### Supplied data:
★ ★ ★ ★

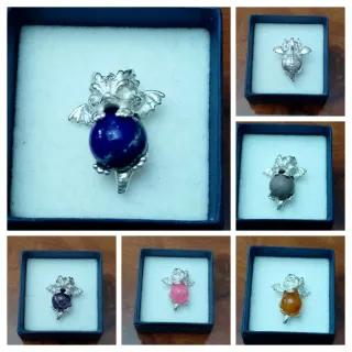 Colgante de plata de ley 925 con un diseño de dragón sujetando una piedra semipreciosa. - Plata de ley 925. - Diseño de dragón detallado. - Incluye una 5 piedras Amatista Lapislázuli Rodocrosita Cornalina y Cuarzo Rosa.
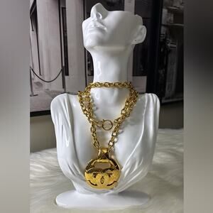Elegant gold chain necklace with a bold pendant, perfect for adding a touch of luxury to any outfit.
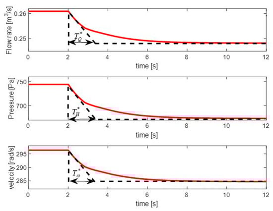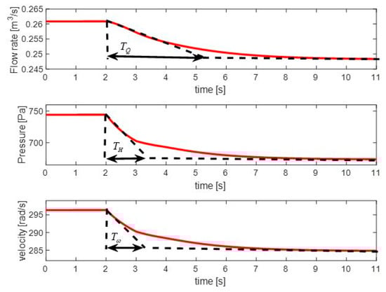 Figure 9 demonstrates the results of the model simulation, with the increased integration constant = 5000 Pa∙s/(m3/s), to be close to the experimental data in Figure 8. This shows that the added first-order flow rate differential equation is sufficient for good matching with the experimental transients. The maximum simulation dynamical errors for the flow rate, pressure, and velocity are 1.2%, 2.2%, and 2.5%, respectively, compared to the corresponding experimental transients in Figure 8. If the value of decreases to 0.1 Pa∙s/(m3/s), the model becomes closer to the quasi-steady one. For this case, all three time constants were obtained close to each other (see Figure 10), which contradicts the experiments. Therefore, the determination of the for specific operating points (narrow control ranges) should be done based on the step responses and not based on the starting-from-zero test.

★ ★ ★ ★

### About this exercise:
The data above must be given again in full and unaltered, minus its images.

### Task solution:
 Colgante de plata de ley 925 con un diseño de dragón sujetando una piedra semipreciosa. - Plata de ley 925. - Diseño de dragón detallado. - Incluye una 5 piedras Amatista Lapislázuli Rodocrosita Cornalina y Cuarzo Rosa.
Elegant gold chain necklace with a bold pendant, perfect for adding a touch of luxury to any outfit.
 Figure 9 demonstrates the results of the model simulation, with the increased integration constant = 5000 Pa∙s/(m3/s), to be close to the experimental data in Figure 8. This shows that the added first-order flow rate differential equation is sufficient for good matching with the experimental transients. The maximum simulation dynamical errors for the flow rate, pressure, and velocity are 1.2%, 2.2%, and 2.5%, respectively, compared to the corresponding experimental transients in Figure 8. If the value of decreases to 0.1 Pa∙s/(m3/s), the model becomes closer to the quasi-steady one. For this case, all three time constants were obtained close to each other (see Figure 10), which contradicts the experiments. Therefore, the determination of the for specific operating points (narrow control ranges) should be done based on the step responses and not based on the starting-from-zero test.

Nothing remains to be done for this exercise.